*DATA TO USE*.
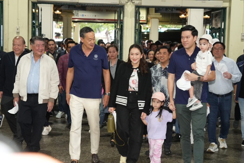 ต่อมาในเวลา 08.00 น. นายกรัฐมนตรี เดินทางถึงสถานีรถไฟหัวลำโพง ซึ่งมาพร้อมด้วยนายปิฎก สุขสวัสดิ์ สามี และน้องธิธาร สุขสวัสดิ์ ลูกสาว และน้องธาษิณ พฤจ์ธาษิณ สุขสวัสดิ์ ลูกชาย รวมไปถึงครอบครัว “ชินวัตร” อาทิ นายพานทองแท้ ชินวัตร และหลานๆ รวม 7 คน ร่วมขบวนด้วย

---

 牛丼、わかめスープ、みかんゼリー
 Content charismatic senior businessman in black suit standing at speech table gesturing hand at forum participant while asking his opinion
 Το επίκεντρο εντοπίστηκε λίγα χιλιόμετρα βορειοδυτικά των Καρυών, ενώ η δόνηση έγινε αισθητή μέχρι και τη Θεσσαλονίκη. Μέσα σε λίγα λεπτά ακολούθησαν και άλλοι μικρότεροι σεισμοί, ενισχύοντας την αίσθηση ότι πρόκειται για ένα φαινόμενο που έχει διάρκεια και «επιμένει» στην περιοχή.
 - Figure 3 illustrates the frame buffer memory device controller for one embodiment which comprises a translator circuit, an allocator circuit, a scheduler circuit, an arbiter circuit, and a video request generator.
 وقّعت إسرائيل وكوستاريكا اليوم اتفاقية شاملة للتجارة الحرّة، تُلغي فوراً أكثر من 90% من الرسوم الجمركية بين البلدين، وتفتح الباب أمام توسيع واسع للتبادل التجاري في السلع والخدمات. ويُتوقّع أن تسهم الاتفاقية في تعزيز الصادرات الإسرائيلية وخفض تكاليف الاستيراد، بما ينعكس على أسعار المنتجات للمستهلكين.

*WHAT THE TASK ASKS*. Nothing but the lines above from the one containing "- Figure 3 illustrates" through the one containing "وقّعت إسرائيل وكوستاريكا" should appear in the answer, each repeated exactly.

*RESPONSE*.
 - Figure 3 illustrates the frame buffer memory device controller for one embodiment which comprises a translator circuit, an allocator circuit, a scheduler circuit, an arbiter circuit, and a video request generator.
 وقّعت إسرائيل وكوستاريكا اليوم اتفاقية شاملة للتجارة الحرّة، تُلغي فوراً أكثر من 90% من الرسوم الجمركية بين البلدين، وتفتح الباب أمام توسيع واسع للتبادل التجاري في السلع والخدمات. ويُتوقّع أن تسهم الاتفاقية في تعزيز الصادرات الإسرائيلية وخفض تكاليف الاستيراد، بما ينعكس على أسعار المنتجات للمستهلكين.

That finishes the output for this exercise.